2. Accounting Policies
2.1. Basis of Preparation of Financial Statements
The financial statements have been prepared under the historical cost convention and in accordance with Financial Reporting Standard 102 section 1A Small Entities "The Financial Reporting Standard applicable in the UK and Republic of Ireland" and the Companies Act 2006.
2.2. Turnover
Turnover is measured at the fair value of the consideration received or receivable, net of discounts and value added taxes. Turnover includes revenue earned from the sale of goods and from the rendering of services. Turnover is reduced for estimated customer returns, rebates and other similar allowances.
2.3. Intangible Fixed Assets and Amortisation - Goodwill
Goodwill is the difference between amounts paid on the acquisition of a business and the fair value of the separable net assets. It is amortised to profit and loss account over its estimated economic life of 10 years.
2.4. Tangible Fixed Assets and Depreciation
Tangible fixed assets are measured at cost less accumulated depreciation and any accumulated impairment losses. Depreciation is provided at rates calculated to write off the cost of the fixed assets, less their estimated residual value, over their expected useful lives on the following bases:
Fixtures & Fittings 25% reducing balance
2.5. Investment Properties
All investment properties are carried at fair value determined annually and derived from the current market rents and investment property yields for comparable real estate, adjusted if necessary for any difference in the nature, location or condition of the specific asset. No depreciation is provided for. Changes in fair value are recognised in the profit and loss account.
2.6. Taxation
Income tax expense represents the sum of the tax currently payable and deferred tax.

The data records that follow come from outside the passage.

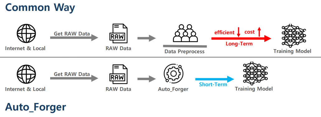 Auto_Forger를 통해, Data Pipleline을 개선하여, AI를 이용한 융합 서비스들의 개발 속도를 개선하며, 데이터를 가공하고 전처리하는 과정에서 드는 불필요한 인력과 비용을 최소화하여 기업과 단체의 금전적 손실을 최소화 하는 것. 그리고, 데이터에 아직 익숙하지 않은 초보자들과 입문자들의 흥미를 유발하여 Data Handling Skill에 대해서 한 걸음 더 나아갈 수 있게 모두를 잇는 것이 본 프로젝트의 목적이자, 앞으로의 비전이라고 할 수 있다.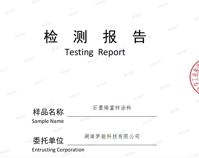 檢測結(jié)果顯示:湖南夢能科技有限公司生產(chǎn)的石墨烯富鋅涂料通過了HG/T 5573-2019 《石墨烯鋅粉涂料》Ⅱ型富鋅涂料C4~C5等級的要求測試。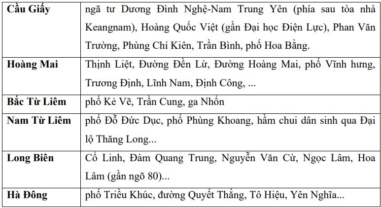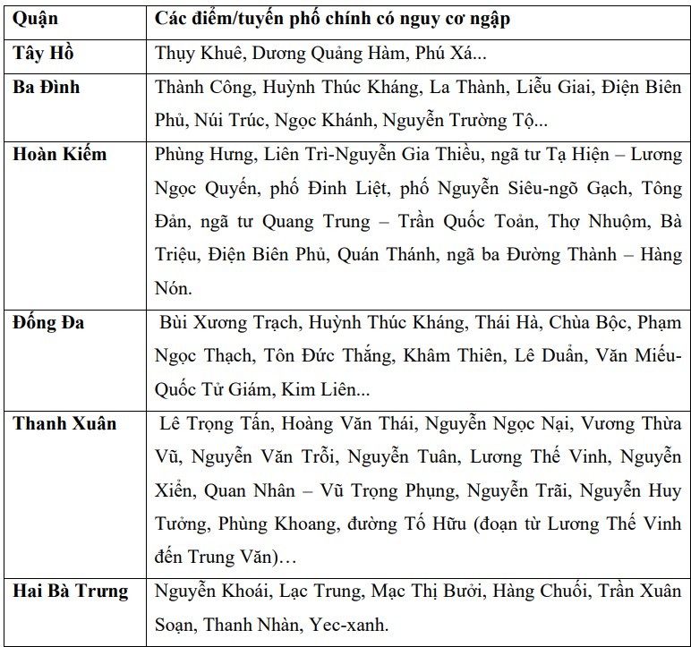 Cảnh báo: Đợt mưa này có khả năng sẽ gây ngập úng cho nhiều tuyến phố nội thành với độ sâu phổ biến từ 20-40cm; Đáng chú ý một số tuyến phố có khả năng ngập sâu hơn với độ sâu từ 30-50cm bao gồm: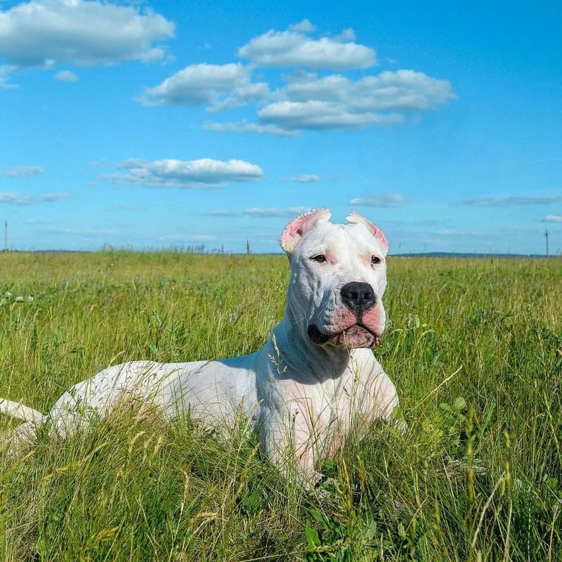 Dogo Argentinos are muscular dogs originally bred for big-game hunting. They are loyal and protective, often forming strong bonds with their families.
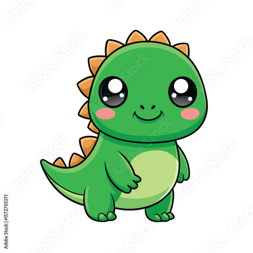 © HMDHasan, Fototapeta premium cute green kawaii dinosaur smiling with tiny arms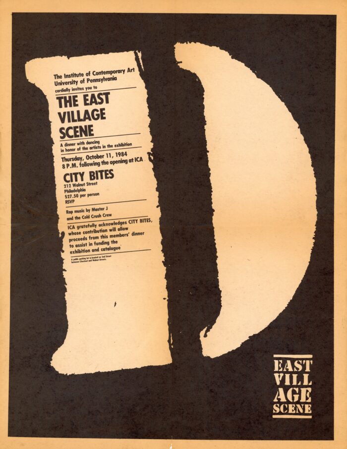 The East Village Scene, Dinner following Exhibition opening with Rap Music by Master J and Cold Crush Crew, The Institute of Contemporary Art (Philadelphia), Folded Poster on Newsprint, 1984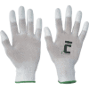 Pletené, bezšvové, nylonové, rukavice s tenkou vrstvou polyuretánu na špičkách prstov a pružnou manžetou.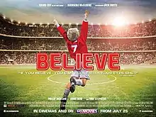 Believe is a 2013 British sports drama film directed by David Scheinmann. Set in Manchester in 1984, it stars Brian Cox as legendary Scottish football manager Sir Matt Busby, who comes out of retirement to coach a team of young working-class boys captained by the talented but unruly Georgie Gallagher (played by Jack Smith).[1] The film also stars Natascha McElhone as Erica Gallagher, Anne Reid as Jean Busby and Toby Stephens as Georgie's prospective headmaster.[5]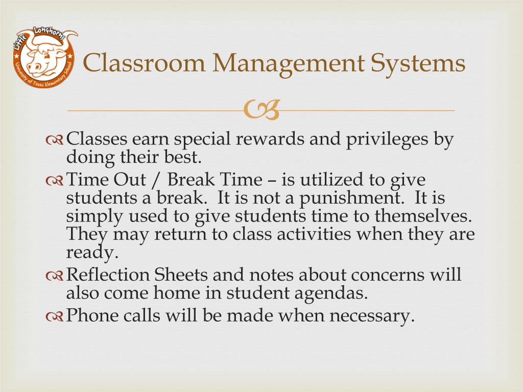 Classroom Management Systems • Classes earn special rewards and privileges by doing their best. • Time Out / Break Time – is utilized to give students a break. It is not a punishment. It is simply used to give students time to themselves. They may return to class activities when they are ready. • Reflection Sheets and notes about concerns will also come home in student agendas. • Phone calls will be made when necessary.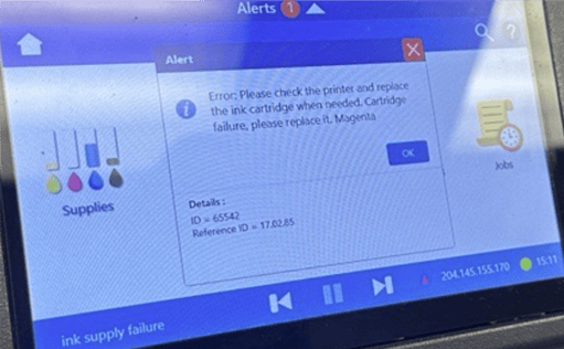 Error: Please check the printer and replace the ink cartridge when needed. Details: ID=65542/ Ref ID=17.0x.85.

The tax currently payable is based on taxable profit for the year. Taxable profit differs from profit as reported in the statement of comprehensive income because of items of income or expense that are taxable or deductible in other years and items that are never taxable or deductible. The company's liability for current tax is calculated using tax rates that have been enacted or substantively enacted by the end of the reporting period.

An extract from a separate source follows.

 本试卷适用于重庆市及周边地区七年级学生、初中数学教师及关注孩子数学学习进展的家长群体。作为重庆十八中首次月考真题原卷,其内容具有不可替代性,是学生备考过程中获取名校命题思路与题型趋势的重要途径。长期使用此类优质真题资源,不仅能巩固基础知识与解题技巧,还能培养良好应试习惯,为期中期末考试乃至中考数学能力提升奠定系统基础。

Deferred tax is recognised on timing differences between the carrying amounts of assets and liabilities in the financial statements and the corresponding tax bases used in the computation of taxable profit. Deferred tax liabilities are generally recognised for all taxable timing differences. Deferred tax assets are generally recognised for all deductible temporary differences to the extent that it is probable that taxable profits will be available against which those deductible timing differences can be utilised. The carrying amount of deferred tax assets is reviewed at the end of each reporting period and reduced to the extent that it is no longer probable that sufficient taxable profits will be available to allow all or part of the asset to be recovered.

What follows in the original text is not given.